Background technique
Omega-K algorithm is a kind of classics of synthetic aperture radar (synthetic aperture radar, abbreviation SAR)
Imaging algorithm is inserted by carrying out consistent compression in two-dimensional frequency to complete being fully focused at reference distance, then by Stolt
Value is without being nearly completed remaining range migration correction (RCMC) at non-reference distance, remaining secondary range compression (SRC) and residual
Remaining Azimuth Compression.The mapping relations of Stolt interpolation are as follows:
Wherein, f0For carrier frequency, fτFor frequency of distance, c is the light velocity, fηFor orientation frequency, VrFor radar speed, fτ' be
Frequency of distance after mapping.Above formula is by original frequency of distance fτIt is mapped as new frequency of distance fτ', residual phase is fτ' line
Property function, thus eliminate residual phase modulation, realize the vernier focusing of the target of non-reference position.
Stolt maps the displacement and distortion that will lead to frequency spectrum, and the more big this phenomenon in angle of squint is more obvious.It is big in angle of squint
When certain value, the displacement and distortion of frequency spectrum can exceed the range of support region after Stolt mapping, cause spectrum component to lose, sternly
Important place affects image quality.
In the past by using extension Omega-k algorithm, considerably increase the computational complexity of Stolt interpolation, real-time compared with
Difference;And the method by expanding two-dimentional support region in Stolt interpolation, then image quality is exchanged for sacrifice hardware storage resource,
In today that SAR echo data is huge, certainly will make a big impact to efficiency of algorithm.
Summary of the invention
Technical problem solved by the invention is to provide the improvement Omega-K imaging method of large slanting view angle machine SAR a kind of, lead to
The offset for calculating distance to frequency spectrum after Stolt maps is crossed, interpolation front distance frequency mapping f is re-definedτ' range, come
Stolt interpolation is corrected, so that two-dimensional frequency is fallen into former support region, to save hardware store resource, guarantees image quality, mentions
High efficiency of algorithm.
The technical solution for realizing the aim of the invention is as follows:
A kind of improvement Omega-K imaging method of large slanting view angle machine SAR, comprising the following steps:
Step 1: obtaining raw radar data S;
Step 2: raw radar data S is successively carried out distance to Fast Fourier Transform (FFT) FFT, distance to pulse compress,
Distance to inverse discrete Fourier transform IFFT, motion compensation, Two-dimensional FFT and it is consistent compression;
Step 3: calculating spectrum offset amount fτ',min, correct Stolt interpolation;
Step 4: distance being carried out to IFFT to each data point, range-Dopler domain is transformed data to, obtains data point
Sik;
Step 5: according to fτ',minLinear phase compensation is carried out, distance is completed to Spectrum Correction, obtains data point S'ik;
Step 6: to data point S'ikOrientation IFFT is carried out, final imaging results are obtained.

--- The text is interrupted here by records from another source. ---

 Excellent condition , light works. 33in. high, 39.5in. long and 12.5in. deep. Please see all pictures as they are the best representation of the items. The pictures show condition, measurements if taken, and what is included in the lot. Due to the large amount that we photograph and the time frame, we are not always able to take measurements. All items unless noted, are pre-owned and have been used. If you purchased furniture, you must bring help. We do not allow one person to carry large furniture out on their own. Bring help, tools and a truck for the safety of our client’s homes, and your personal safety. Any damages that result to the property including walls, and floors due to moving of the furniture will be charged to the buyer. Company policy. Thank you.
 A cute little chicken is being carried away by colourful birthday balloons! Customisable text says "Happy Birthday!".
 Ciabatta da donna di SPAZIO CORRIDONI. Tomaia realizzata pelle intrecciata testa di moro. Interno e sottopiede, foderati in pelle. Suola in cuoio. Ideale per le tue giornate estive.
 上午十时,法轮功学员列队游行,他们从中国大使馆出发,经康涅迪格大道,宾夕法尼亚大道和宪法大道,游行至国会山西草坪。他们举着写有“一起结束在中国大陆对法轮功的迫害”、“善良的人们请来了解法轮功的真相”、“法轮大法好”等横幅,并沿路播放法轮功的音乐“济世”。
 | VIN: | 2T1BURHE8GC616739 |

Further, the improvement Omega-K imaging method of large slanting view angle machine SAR of the invention, raw radar data in step 1
The size of S is Na × Nr, wherein Na is orientation sampling number, and Nr is distance to sampling number.
Further, the improvement Omega-K imaging method of large slanting view angle machine SAR of the invention, by consistent compression in step 2
Data afterwards are stored in the form of two-dimensional matrix.

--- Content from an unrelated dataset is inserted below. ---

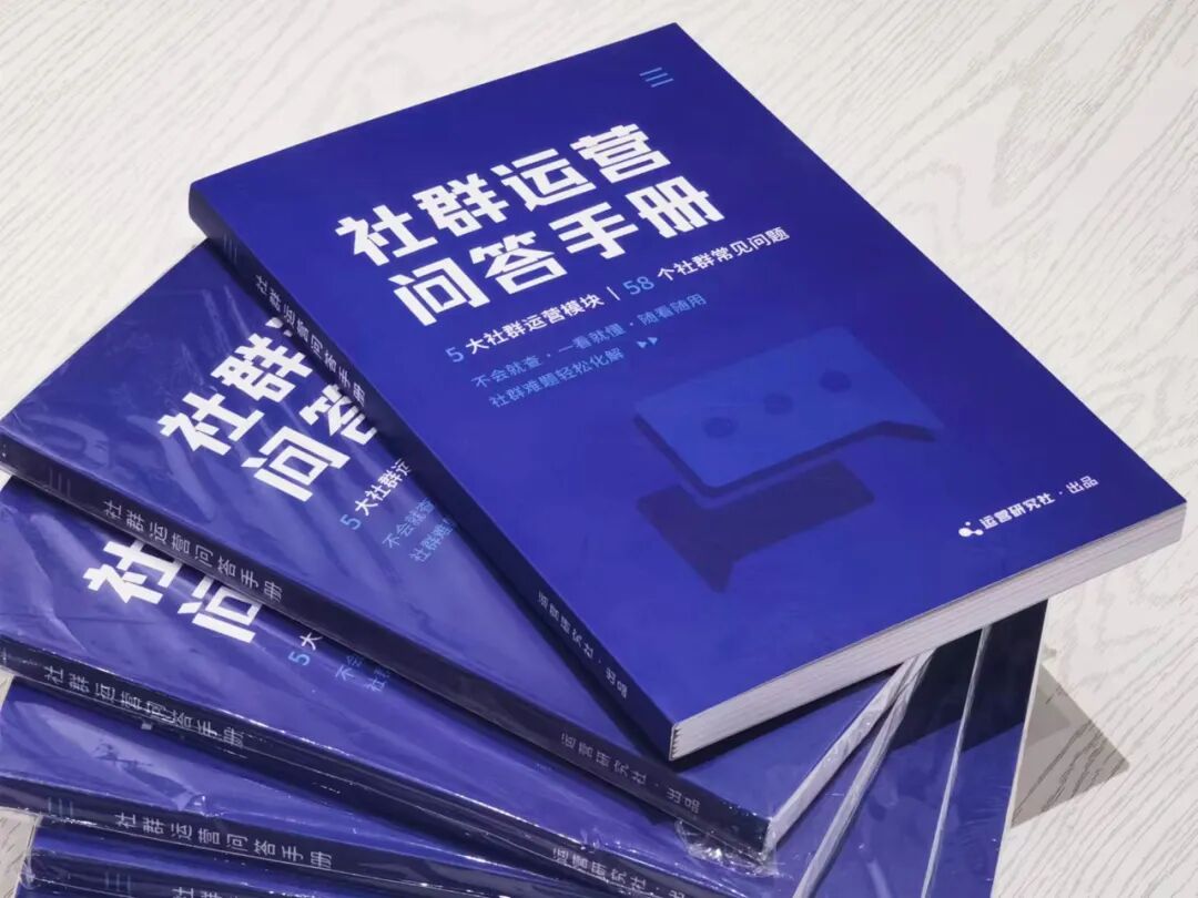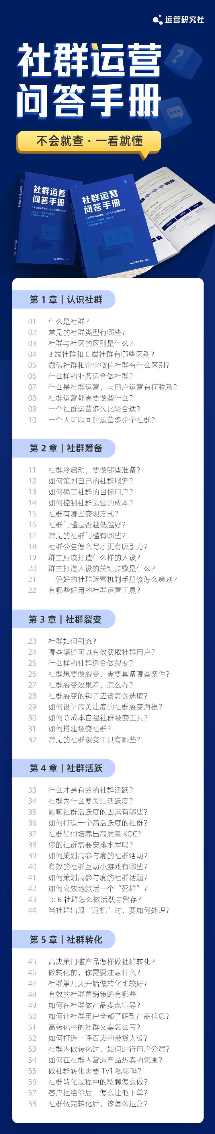 如果你还没入手这本手册,且刚好自己工作跟社群有关,亦或者对社群运营感兴趣。要不滑动目录看看,你或许也能发现不少对自己有用的内容。你的顿悟只是别人的基本功,如果目录里刚好你正在困惑的问题,这本手册你千万不要错过!课程售价 69 元, 现在购买可享受额外福利——免费包邮送 《社群运营问答手册》课程图文纸质版 1 份,心急的小伙伴直接扫码解锁课程(电子版)阅读起来。支付成功后,请根据自动弹出的二维码添加「运营宝宝」企业微信,根据提示填写对应问卷即可领取纸质版手册。此刻,如果你还在犹豫, 可以看看《社群运营问答手册》接下来的详细介绍吧。《社群运营问答手册》是运营研究社出品的第一份【问答式】知识产品。我们将它定位为企业社群和个人社群的运营操作手册,你在运营社群遇到困惑时,打开它就能获得方法的启发,甚至是看到可以直接复用的案例。手册内容覆盖认识社群、社群筹备、社群转化、社群活跃、社群裂变五大模块,帮助你解决运营社群中现在存在的,以及未来可能出现的困惑。一个人可以同时运营多少个社群?

Further, the improvement Omega-K imaging method of large slanting view angle machine SAR of the invention, step 3 specifically include following step
It is rapid:
Step 3-1: frequency of distance f of the computer azimuth to unitτF is mapped to by Stoltτ' axis minimum value, quantization takes
F is arrived in storage after wholeτ',minIn;
Step 3-2: with fτ',minAs initial value, withFor frequency interval, the frequency of distance for calculating each data point is reflected
Penetrate fτ' value;
Step 3-3: by Stolt mapping equation, the f of each data point is calculatedτ' it is worth correspondence in fτThe position of axis, and calculate
Interpolation result out.
Further, the improvement Omega-K imaging method of large slanting view angle machine SAR of the invention, i-th of orientation in step 3-1
To the frequency of distance f of unitτF is mapped to by Stoltτ' axis quantization be rounded after minimum value calculation method are as follows:
Wherein, fτ',min[i] indicates the f of i-th of orientation unitτ' quantify the minimum value after being rounded, fτ[0] distance is indicated
Frequency initial value, fη[i] indicates the orientation frequency of i-th of orientation unit, fsIndicate sample frequency, Nr is original echo number
According to the distance of S to sampling number, f0Indicate that carrier frequency, c indicate the light velocity, VrIndicate radar speed.
Further, the improvement Omega-K imaging method of large slanting view angle machine SAR of the invention, i-th of orientation in step 3-3
To the f of unitτ' it is worth correspondence in fτThe position of axis are as follows:
Wherein, i is orientation coordinate, and k is distance to coordinate, fτ',ikIndicate position coordinates be (i, k) data point away from
Off-frequency rate is mapped in fτ' axis value, fτ,ikIndicate fτ',ikIt corresponds in fτThe position of axis.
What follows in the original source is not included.